Toronto Blue Jays v Tampa Bay Rays
Toronto Blue Jays v Tampa Bay Rays | Julio Aguilar/GettyImages

It’s a funny thing about the New York Mets: they can make a blockbuster trade, land a superstar shortstop, watch him put up All-Star numbers, and still find a way to be left staring at the October party from the sidewalk. That’s where Andres Gimenez, once just a promising infield prospect, enters the chat with a statistic that Mets fans might wish didn’t exist.

While Francisco Lindor has delivered every ounce of star power promised, Gimenez has somehow logged more playoff games, first in Cleveland and now in Toronto, than Lindor has in Flushing. It’s not a knock on Lindor, who’s been worth every cheer, but rather a reminder of the bigger story. The Mets didn’t lose the trade. They just haven’t built a winning stage around their marquee actor.

More October for Andres Giménez highlights how the Mets fell short after the trade

The trade that sent Lindor and Carrasco to New York was supposed to be the Mets’ ticket to the next level. In January 2021, the deal included Ahmed Rosario, Andres Gimenez, and two minor league prospects. The Mets didn’t just stop at acquiring Lindor—they followed up by signing him to a 10-year, $341 million contract, making it clear he wasn’t going anywhere soon. On paper, this was a franchise-defining move, a signal that the Mets were all-in on building around a true superstar.

And yet, the results since the trade tell a story that isn’t quite so clean. Gimenez, included in that very same deal, has appeared in 17 postseason games since leaving the Mets’ orbit—first with Cleveland and now he’s about to add on with Toronto, who is about to square off with the Yankees in the Division Series. Lindor, dazzling as he’s been in Flushing, has played in 16 playoff games in that same span. That tiny gap isn’t about who’s better or who deserves more credit; it’s a reminder that while the Mets won the trade hands down, they haven’t managed to construct a team that consistently delivers when it matters most.

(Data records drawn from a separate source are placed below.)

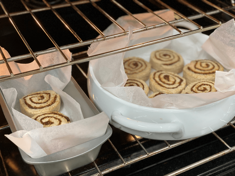 - Baking: Regardless of what type of baking dish or pan you use, make sure to line it with some parchment paper. Also, be sure to give a little space between each roll, since they do expand.
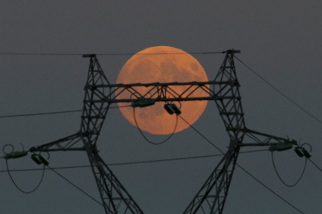 A full moon, the last of this year‘s supermoons, is seen behind an electricity pylon in Le Pallet, France, September 27, 2015. This larger-than-average full moon is seen in France on Sunday, hours before a total lunar eclipse which will occur during the early hours of Monday, when the shadow of the Earth casts a reddish glow on the moon, the result of a rare combination of an eclipse with the closest full moon of the year. (Reuters)
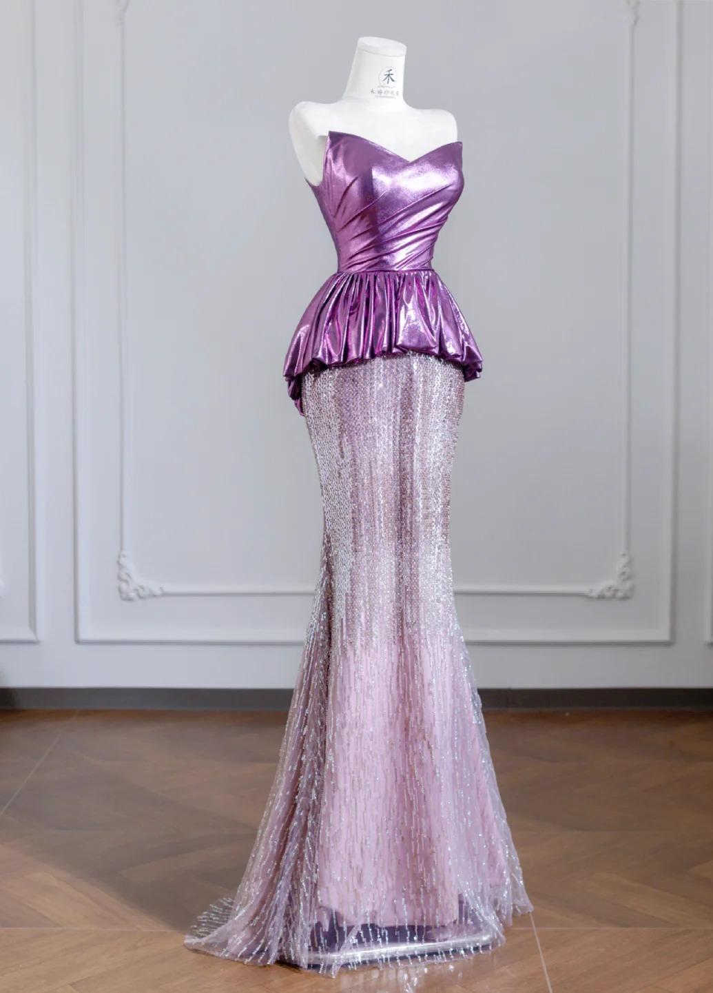 Niulatu Strapless Pink and Purple Mermaid Long Prom Dresses Elegant Evening Gowns HZ1103
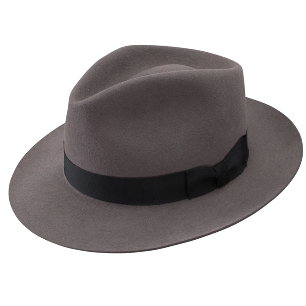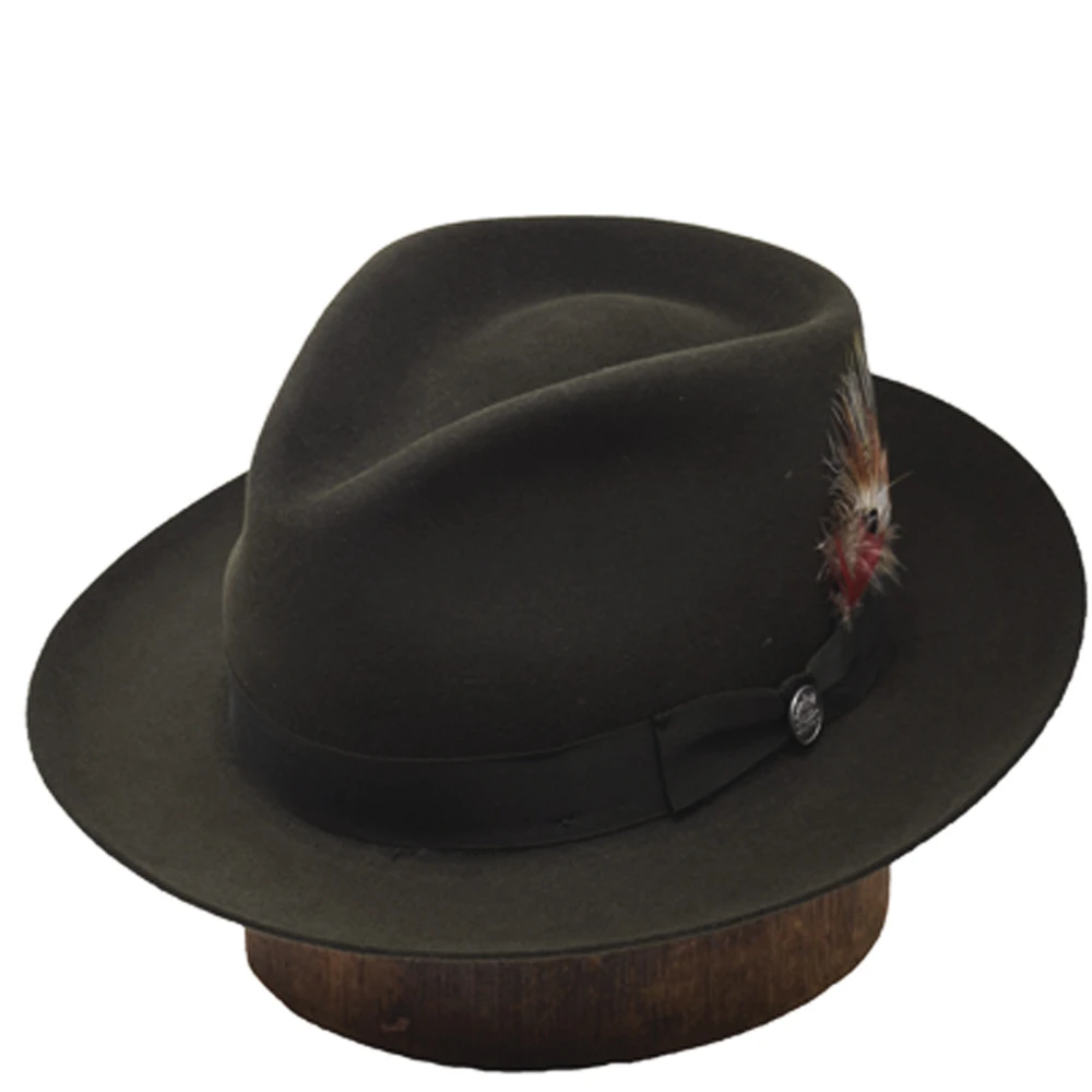 The Stetson Chatham is a Royal DeLuxe quality fur felt fedora with classic style. This fedora features a 2 3/8″ brim, a 4 1/2″ teardrop crown, genuine roan sweatband, grosgrain hat band, interior lining, and removable feather and Stetson pin. A perennial favorite, ships in a Stetson hat box. Made in the USA.

It’s a subtle frustration for fans who expected Lindor’s arrival to usher in a string of October appearances. Instead, the Mets haven’t built a complete, consistently winning team around him. They made a quick exit in the 2022 Wild Card series and reached the NLCS in 2024, but missed the playoffs entirely in 2021, 2023, and again this year.

Winning the trade doesn’t automatically mean postseason success. The Mets’ record since 2021 reflects that tension: flashes of brilliance but without the roster depth and construction needed to turn Lindor’s star power into sustained October runs.

In other words, the Mets’ headline move worked—it got them a superstar—but the building around him hasn’t. The stat line with Gimenez merely underscores it: the Mets may have the centerpiece, but the supporting cast is still a work in progress. And until that team construction catches up, Lindor’s brilliance can’t fully translate into the consistent postseason runs fans were promised.